Aim of the exercise
The line with "Quadrivium S.A. de" marks the start; please set it down along with all later lines through the end of the material, exactly, leaving out pictures.

Supplied records
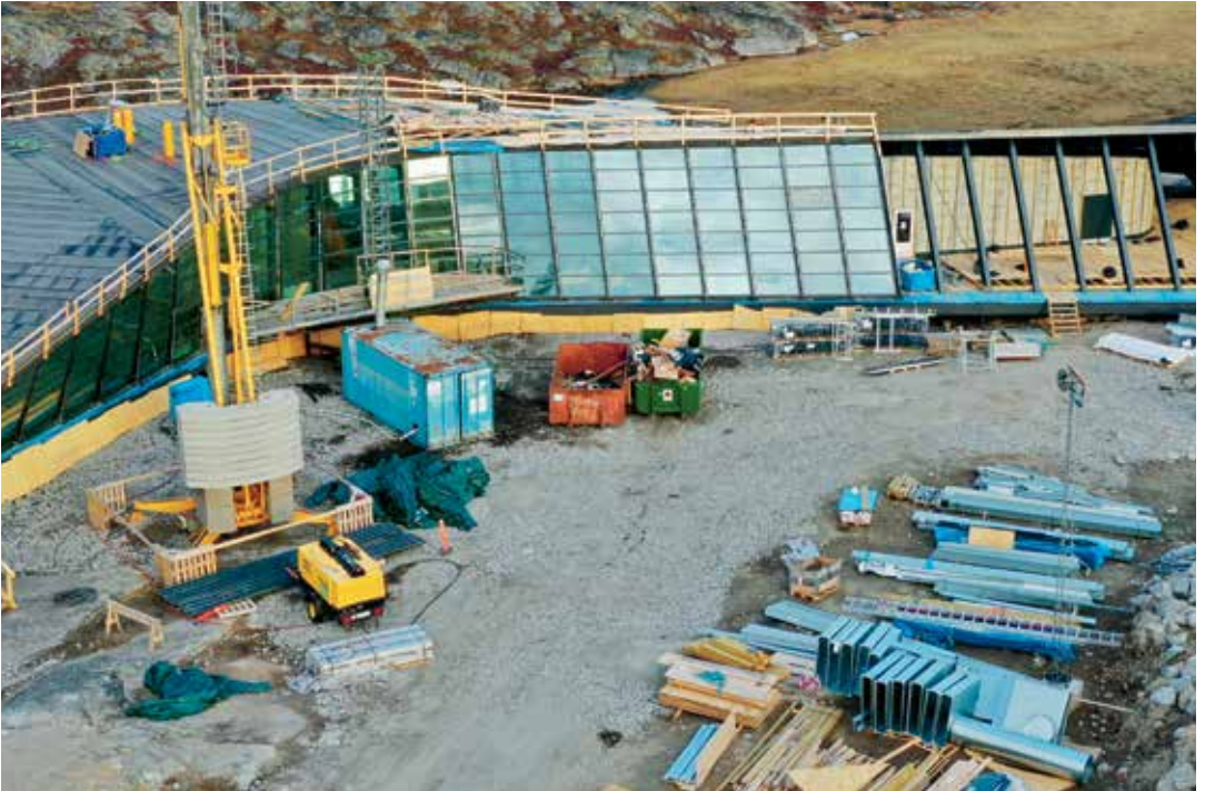
300 vinduer i forskellige størrelse er monteret i bygningen.
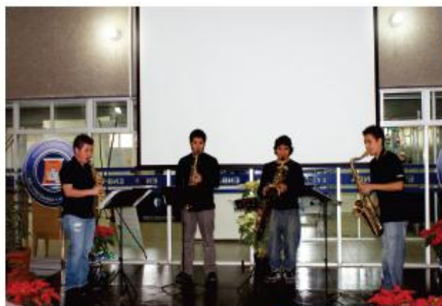
Quadrivium S.A. de T.B. Cuarteto Mexicano de Saxofones
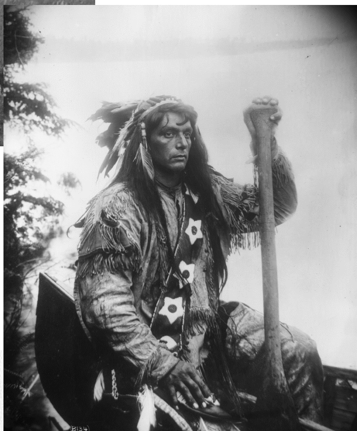
Figure 5 - Hiawatha, Iroquois, les années 1890 (APA, B19)
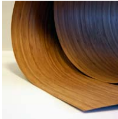
Moso® Tranciato Verticale Tostato
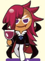
คุกกี้ แวมไพร์
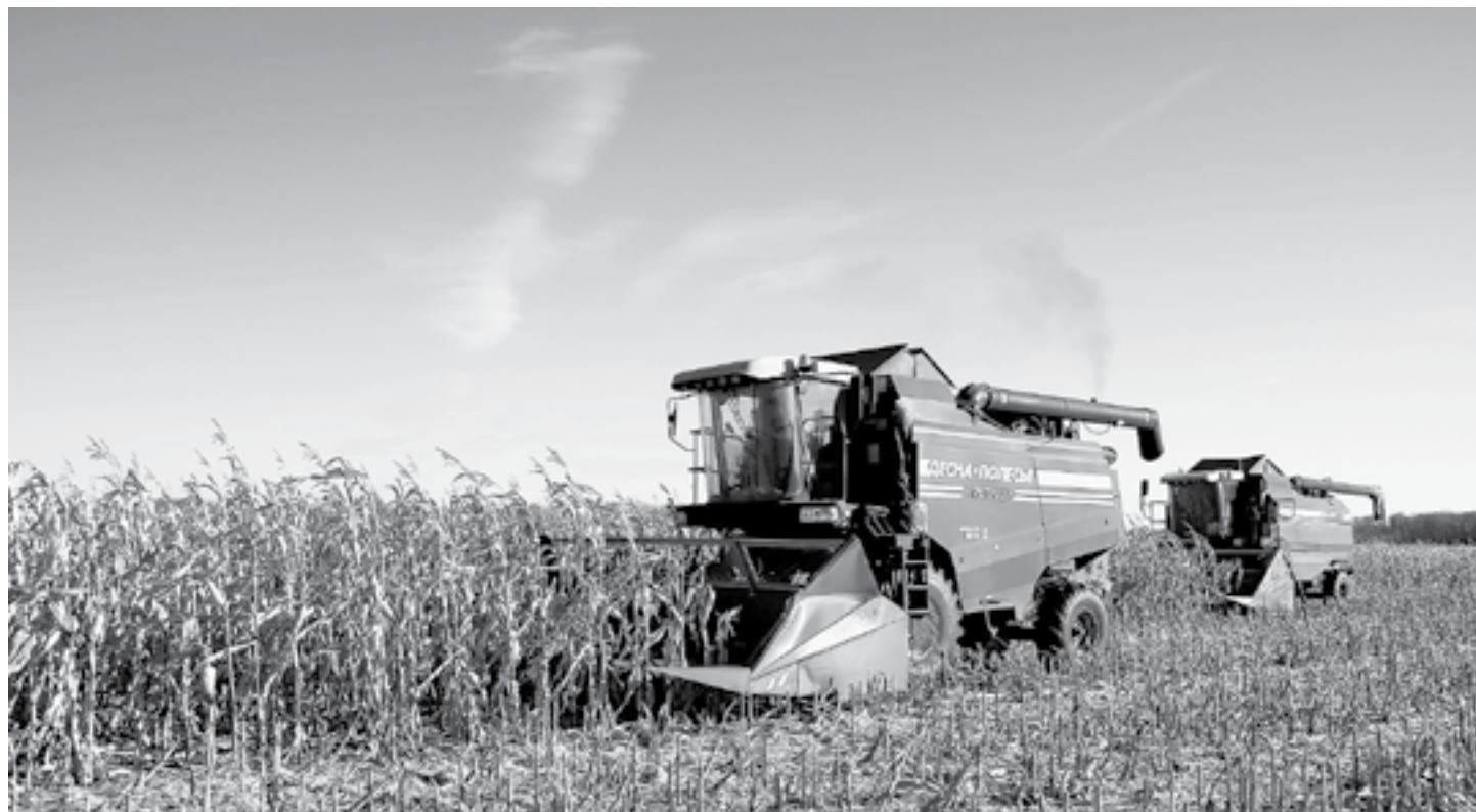
Кукуруза при наличии своих сушилок выгодная культура.

В этом году в Каменском районе собрали близкий к рекордному урожай. С каждого гектара взяли по 21,2 центнера зерновых и зернобобовых.

Solution for this problem
Quadrivium S.A. de T.B. Cuarteto Mexicano de Saxofones
Figure 5 - Hiawatha, Iroquois, les années 1890 (APA, B19)
Moso® Tranciato Verticale Tostato
คุกกี้ แวมไพร์
Кукуруза при наличии своих сушилок выгодная культура.

В этом году в Каменском районе собрали близкий к рекордному урожай. С каждого гектара взяли по 21,2 центнера зерновых и зернобобовых.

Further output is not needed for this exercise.